*Your assignment*
Would you transcribe the records below from the line with "The first is" to the line with "Большинство телефонов испытывают", ends included, exactly and with nothing more, leaving the pictures out?

[[ Material for the task open ]]

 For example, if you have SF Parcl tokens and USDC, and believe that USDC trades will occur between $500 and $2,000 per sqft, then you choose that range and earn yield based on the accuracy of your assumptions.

[[ Material for the task closed ]]
[[ Material for the task open ]]

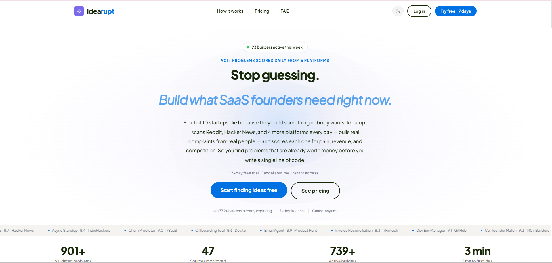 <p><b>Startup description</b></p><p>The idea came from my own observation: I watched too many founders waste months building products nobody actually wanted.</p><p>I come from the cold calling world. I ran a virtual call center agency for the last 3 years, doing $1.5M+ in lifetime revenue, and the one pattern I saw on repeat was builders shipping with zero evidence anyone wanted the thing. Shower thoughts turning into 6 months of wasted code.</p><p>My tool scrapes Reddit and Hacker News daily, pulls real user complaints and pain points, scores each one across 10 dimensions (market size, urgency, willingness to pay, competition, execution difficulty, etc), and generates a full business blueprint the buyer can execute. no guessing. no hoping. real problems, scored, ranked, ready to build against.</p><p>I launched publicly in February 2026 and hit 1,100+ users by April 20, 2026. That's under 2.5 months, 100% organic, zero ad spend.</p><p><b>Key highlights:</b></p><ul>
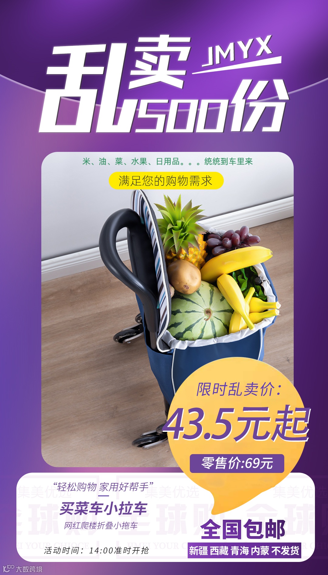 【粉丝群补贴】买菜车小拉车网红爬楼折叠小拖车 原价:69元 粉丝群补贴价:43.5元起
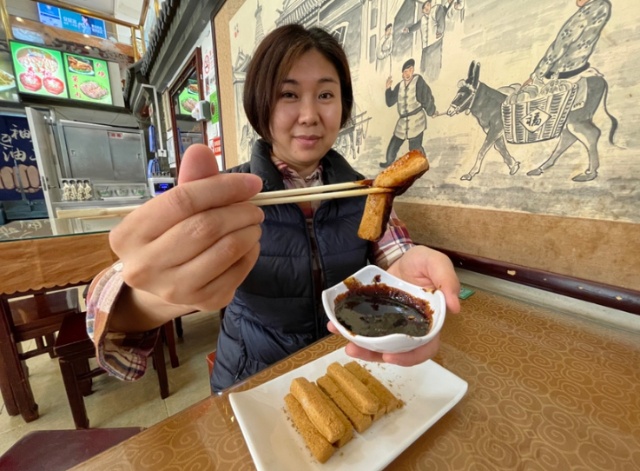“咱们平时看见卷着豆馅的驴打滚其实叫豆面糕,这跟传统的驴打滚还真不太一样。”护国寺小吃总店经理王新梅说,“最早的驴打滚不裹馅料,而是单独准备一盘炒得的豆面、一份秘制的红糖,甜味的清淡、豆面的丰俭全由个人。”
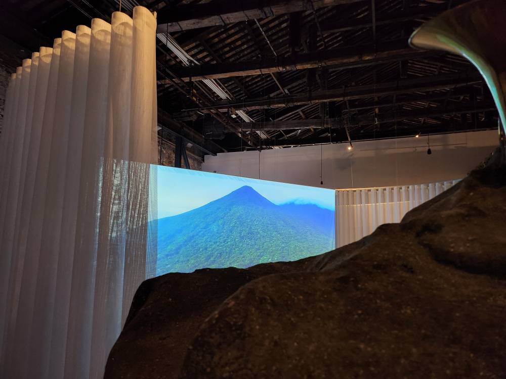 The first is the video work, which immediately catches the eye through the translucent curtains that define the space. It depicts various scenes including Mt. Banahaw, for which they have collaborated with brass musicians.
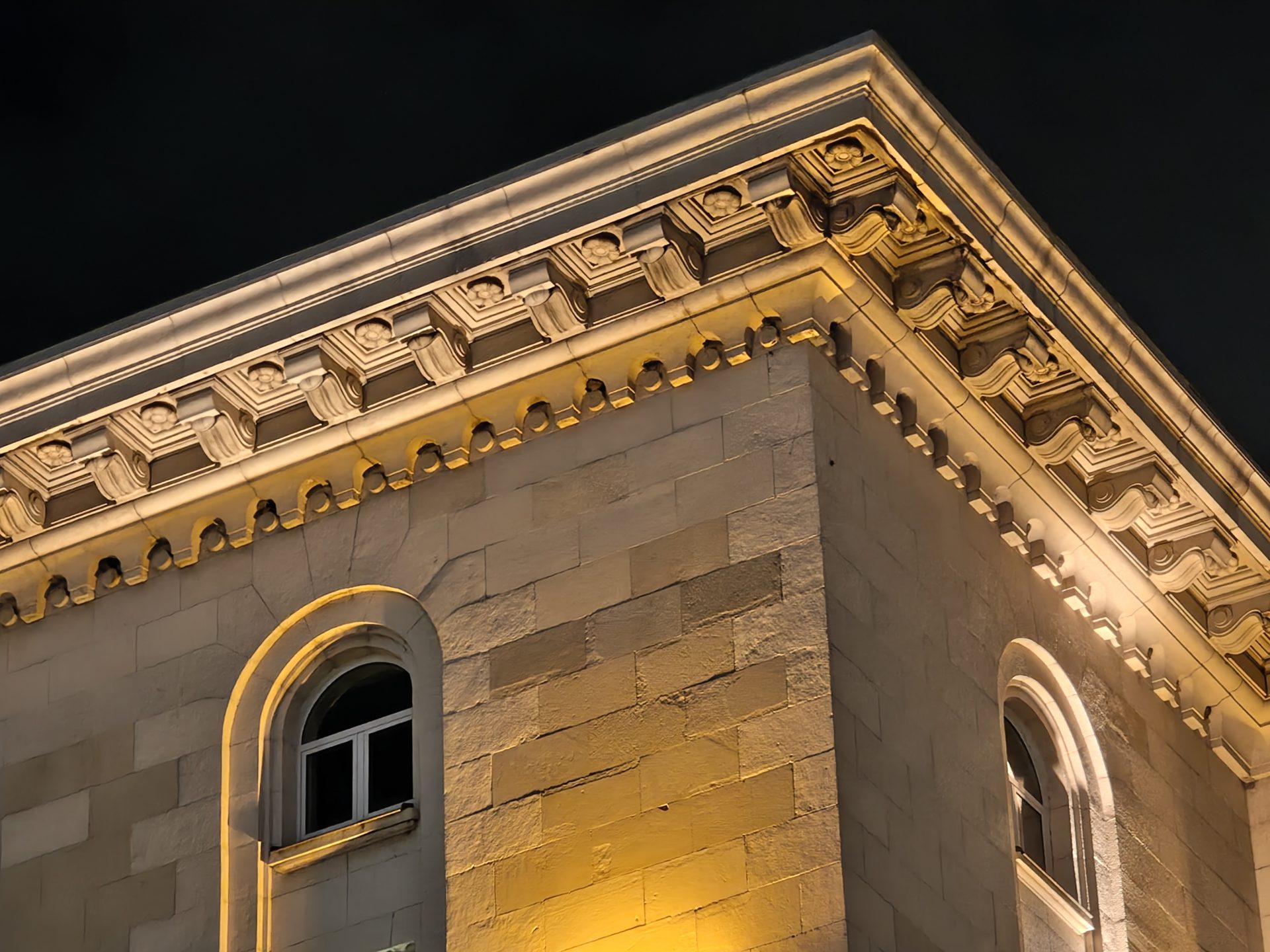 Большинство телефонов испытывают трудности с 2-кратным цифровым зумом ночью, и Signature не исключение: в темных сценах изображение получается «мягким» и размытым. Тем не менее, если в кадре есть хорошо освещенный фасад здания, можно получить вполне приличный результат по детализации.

[[ Material for the task closed ]]
[[ Material for the task open ]]

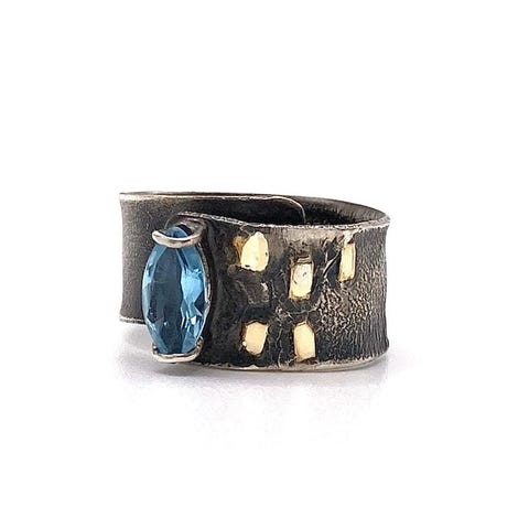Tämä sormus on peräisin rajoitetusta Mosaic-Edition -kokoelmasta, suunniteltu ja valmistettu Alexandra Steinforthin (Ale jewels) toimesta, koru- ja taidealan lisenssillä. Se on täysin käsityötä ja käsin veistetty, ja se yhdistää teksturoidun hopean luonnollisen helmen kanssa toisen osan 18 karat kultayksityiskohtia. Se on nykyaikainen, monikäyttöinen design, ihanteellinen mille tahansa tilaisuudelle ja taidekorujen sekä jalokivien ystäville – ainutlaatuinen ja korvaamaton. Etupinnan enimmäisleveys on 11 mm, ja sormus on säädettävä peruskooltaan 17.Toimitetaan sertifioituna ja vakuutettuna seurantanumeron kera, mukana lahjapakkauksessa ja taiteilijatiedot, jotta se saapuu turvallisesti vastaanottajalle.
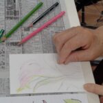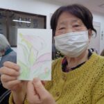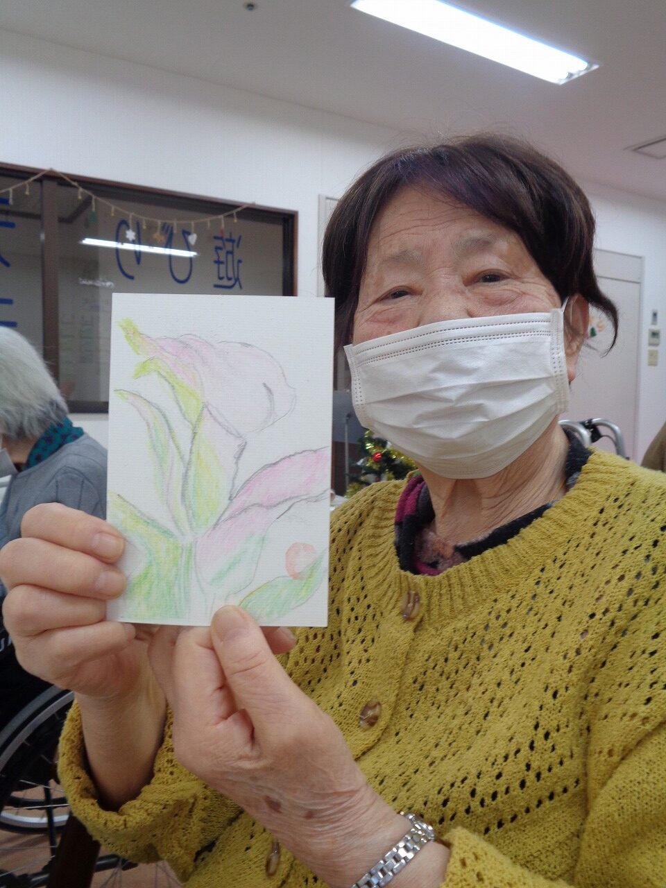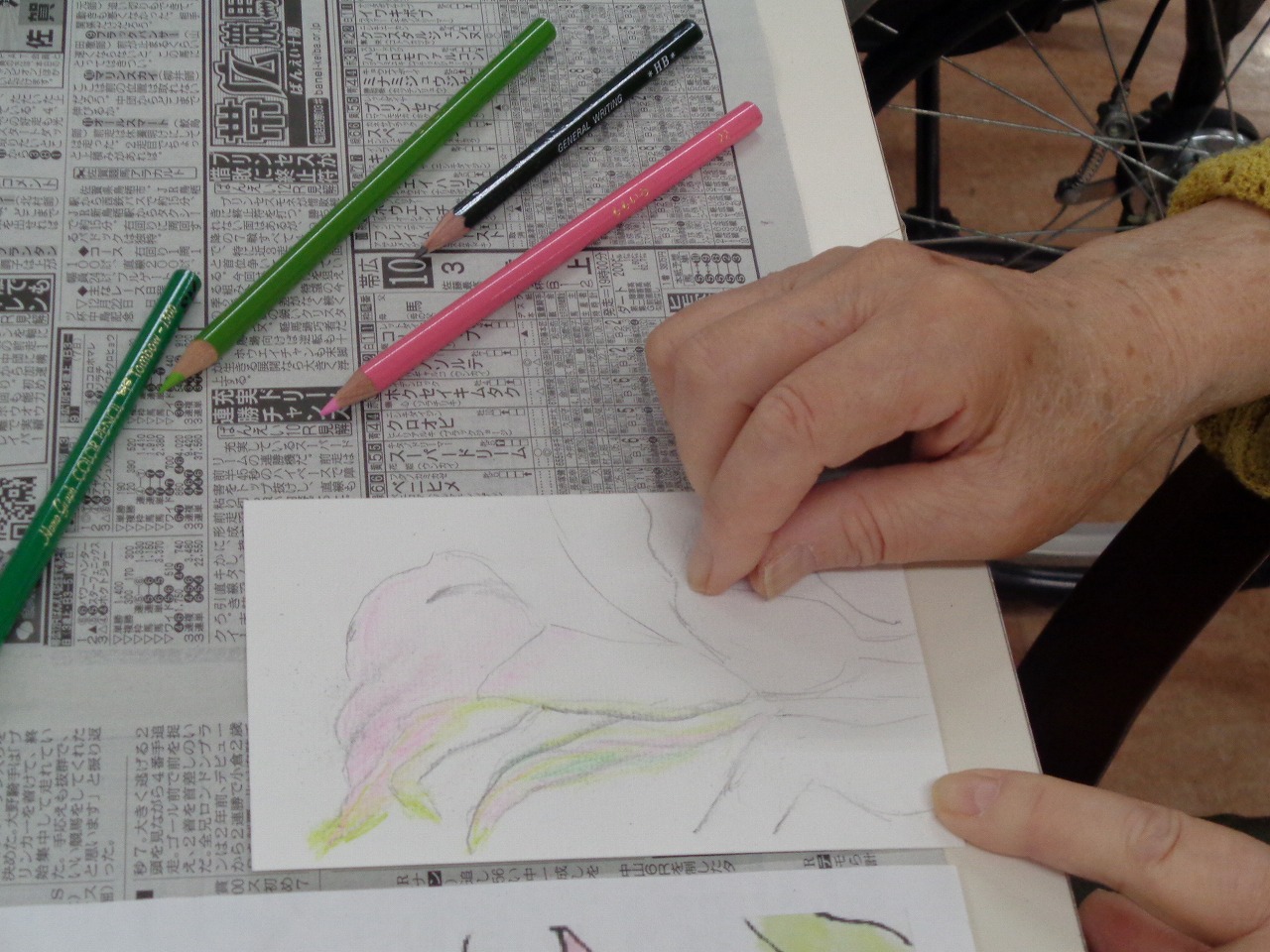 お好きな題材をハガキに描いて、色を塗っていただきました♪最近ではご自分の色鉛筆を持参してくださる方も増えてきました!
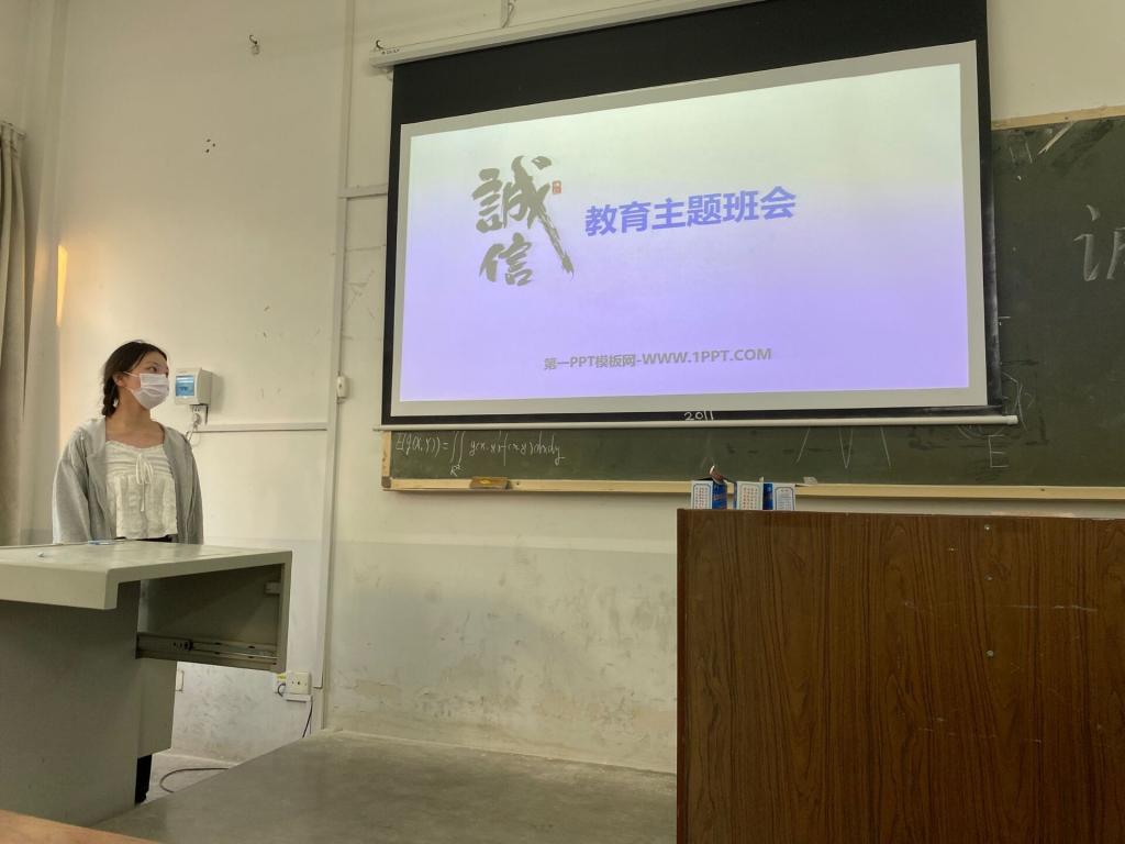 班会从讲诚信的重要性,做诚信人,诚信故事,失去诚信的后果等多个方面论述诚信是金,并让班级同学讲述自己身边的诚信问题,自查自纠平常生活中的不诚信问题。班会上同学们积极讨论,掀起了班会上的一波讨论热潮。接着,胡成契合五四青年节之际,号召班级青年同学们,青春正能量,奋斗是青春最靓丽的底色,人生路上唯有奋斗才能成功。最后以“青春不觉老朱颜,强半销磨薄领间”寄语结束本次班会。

[[ Material for the task closed ]]

*Task output*
 The first is the video work, which immediately catches the eye through the translucent curtains that define the space. It depicts various scenes including Mt. Banahaw, for which they have collaborated with brass musicians.
 Большинство телефонов испытывают трудности с 2-кратным цифровым зумом ночью, и Signature не исключение: в темных сценах изображение получается «мягким» и размытым. Тем не менее, если в кадре есть хорошо освещенный фасад здания, можно получить вполне приличный результат по детализации.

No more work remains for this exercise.